TASK
From the listing below, extract each line containing the string "more".
[Start of section]
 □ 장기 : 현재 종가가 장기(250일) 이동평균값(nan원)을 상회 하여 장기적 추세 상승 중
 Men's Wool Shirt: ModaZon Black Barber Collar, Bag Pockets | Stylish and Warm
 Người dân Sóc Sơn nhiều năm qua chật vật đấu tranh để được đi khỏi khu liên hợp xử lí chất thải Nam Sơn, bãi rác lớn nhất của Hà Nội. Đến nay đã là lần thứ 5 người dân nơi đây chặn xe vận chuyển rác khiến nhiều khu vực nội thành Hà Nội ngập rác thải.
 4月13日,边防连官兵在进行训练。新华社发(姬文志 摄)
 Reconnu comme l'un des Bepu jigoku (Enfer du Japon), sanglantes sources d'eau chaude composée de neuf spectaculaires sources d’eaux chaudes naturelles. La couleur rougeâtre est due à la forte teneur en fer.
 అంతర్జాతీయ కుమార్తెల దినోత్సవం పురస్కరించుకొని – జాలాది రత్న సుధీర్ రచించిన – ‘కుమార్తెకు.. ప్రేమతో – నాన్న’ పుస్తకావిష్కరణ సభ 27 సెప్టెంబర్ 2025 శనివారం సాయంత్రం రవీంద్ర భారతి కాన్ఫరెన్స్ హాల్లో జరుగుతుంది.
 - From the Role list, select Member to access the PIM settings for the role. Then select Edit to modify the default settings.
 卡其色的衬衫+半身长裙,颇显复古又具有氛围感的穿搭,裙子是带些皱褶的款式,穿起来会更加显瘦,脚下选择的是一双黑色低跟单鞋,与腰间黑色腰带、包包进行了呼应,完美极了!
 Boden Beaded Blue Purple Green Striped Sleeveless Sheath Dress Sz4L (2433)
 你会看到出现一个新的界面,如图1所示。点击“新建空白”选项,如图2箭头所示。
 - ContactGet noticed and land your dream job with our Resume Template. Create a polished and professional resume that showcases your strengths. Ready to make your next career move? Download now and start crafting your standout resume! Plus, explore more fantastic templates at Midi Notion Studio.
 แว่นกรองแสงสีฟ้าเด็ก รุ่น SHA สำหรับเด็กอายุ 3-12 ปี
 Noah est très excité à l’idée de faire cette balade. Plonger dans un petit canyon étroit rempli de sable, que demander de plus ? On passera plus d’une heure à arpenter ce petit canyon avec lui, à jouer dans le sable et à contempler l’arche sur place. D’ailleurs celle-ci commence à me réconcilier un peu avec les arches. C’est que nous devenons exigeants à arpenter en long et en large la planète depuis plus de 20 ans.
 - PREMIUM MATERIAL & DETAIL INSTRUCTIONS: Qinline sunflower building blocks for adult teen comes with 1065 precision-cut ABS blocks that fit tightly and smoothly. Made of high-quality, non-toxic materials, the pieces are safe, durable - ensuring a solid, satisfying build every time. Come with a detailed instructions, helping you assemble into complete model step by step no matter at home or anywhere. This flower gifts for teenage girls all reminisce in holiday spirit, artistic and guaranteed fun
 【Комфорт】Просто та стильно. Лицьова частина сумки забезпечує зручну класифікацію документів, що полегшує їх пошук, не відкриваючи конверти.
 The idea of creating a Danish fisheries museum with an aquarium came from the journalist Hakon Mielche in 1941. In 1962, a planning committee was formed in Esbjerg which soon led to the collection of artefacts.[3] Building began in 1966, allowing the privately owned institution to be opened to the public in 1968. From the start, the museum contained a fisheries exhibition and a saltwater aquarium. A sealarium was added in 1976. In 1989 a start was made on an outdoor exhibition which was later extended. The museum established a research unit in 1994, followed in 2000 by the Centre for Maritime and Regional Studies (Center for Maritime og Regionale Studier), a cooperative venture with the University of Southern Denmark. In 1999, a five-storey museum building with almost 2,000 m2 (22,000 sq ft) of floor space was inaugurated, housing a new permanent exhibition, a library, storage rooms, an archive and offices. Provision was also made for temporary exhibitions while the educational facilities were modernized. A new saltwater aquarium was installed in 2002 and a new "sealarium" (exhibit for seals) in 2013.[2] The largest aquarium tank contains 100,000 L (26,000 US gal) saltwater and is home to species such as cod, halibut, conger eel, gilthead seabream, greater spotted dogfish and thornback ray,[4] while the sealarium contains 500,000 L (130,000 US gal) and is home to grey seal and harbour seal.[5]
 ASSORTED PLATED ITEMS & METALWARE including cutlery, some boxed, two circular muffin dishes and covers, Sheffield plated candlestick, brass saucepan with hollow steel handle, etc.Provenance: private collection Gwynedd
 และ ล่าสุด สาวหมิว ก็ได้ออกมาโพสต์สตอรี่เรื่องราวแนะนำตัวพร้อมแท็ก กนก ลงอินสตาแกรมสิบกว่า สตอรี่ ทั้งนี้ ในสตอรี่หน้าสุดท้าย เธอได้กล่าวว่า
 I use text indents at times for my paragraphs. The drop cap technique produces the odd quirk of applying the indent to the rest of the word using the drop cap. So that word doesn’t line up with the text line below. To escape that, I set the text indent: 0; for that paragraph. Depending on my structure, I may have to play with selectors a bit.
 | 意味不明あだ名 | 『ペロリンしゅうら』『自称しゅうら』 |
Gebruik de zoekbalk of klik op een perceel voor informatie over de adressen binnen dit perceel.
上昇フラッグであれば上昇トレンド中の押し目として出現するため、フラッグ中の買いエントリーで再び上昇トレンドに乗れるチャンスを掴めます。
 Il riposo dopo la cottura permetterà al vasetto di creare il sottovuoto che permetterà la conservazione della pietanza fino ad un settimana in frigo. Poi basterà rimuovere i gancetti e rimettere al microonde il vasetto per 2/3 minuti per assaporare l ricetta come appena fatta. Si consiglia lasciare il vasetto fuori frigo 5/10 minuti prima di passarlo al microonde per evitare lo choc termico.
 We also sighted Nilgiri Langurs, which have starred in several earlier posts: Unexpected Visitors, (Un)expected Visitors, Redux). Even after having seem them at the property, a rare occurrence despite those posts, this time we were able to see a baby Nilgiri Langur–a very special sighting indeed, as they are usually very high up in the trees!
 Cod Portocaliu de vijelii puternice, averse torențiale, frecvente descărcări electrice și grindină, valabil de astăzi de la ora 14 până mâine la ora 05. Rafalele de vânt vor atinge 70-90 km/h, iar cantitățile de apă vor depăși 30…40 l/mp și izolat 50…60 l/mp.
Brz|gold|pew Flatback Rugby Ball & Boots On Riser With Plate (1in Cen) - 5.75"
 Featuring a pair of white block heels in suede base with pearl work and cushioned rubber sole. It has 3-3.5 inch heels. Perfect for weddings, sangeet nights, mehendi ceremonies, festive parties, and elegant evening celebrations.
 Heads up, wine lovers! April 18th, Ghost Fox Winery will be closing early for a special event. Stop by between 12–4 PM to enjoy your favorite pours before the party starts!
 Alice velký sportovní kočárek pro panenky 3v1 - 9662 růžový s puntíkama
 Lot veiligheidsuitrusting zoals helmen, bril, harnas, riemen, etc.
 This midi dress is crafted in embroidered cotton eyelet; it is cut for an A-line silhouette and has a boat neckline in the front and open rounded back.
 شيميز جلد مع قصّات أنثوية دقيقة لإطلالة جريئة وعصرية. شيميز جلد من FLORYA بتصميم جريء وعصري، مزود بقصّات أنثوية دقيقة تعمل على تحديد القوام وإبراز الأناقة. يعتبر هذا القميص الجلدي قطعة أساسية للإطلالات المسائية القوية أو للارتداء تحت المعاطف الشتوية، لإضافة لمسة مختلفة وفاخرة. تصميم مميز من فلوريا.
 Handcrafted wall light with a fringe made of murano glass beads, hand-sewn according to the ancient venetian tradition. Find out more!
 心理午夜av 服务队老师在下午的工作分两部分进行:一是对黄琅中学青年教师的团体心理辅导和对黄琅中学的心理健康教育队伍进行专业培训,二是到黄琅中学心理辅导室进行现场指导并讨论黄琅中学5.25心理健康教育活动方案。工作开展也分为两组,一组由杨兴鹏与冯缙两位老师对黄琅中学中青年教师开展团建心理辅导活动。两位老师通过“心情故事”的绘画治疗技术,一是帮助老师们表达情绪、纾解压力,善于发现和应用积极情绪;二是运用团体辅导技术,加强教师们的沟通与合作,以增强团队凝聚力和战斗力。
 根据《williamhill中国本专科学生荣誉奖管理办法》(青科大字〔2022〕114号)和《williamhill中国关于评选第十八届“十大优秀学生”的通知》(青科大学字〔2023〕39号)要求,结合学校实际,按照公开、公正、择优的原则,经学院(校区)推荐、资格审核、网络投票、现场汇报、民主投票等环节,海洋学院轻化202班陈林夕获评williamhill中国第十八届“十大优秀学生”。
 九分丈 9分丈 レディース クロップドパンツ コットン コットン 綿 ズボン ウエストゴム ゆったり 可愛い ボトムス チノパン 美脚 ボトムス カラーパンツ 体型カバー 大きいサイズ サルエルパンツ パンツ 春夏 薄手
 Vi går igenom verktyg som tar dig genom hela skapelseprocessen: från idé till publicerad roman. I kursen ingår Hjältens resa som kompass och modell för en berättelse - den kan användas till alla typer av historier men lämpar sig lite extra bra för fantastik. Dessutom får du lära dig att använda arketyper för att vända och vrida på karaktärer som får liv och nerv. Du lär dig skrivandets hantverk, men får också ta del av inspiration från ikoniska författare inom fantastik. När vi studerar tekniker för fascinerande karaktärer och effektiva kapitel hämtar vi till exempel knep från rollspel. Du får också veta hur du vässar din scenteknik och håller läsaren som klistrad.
[End of section]
ANSWER FOR THE TASK
 - ContactGet noticed and land your dream job with our Resume Template. Create a polished and professional resume that showcases your strengths. Ready to make your next career move? Download now and start crafting your standout resume! Plus, explore more fantastic templates at Midi Notion Studio.
 Handcrafted wall light with a fringe made of murano glass beads, hand-sewn according to the ancient venetian tradition. Find out more!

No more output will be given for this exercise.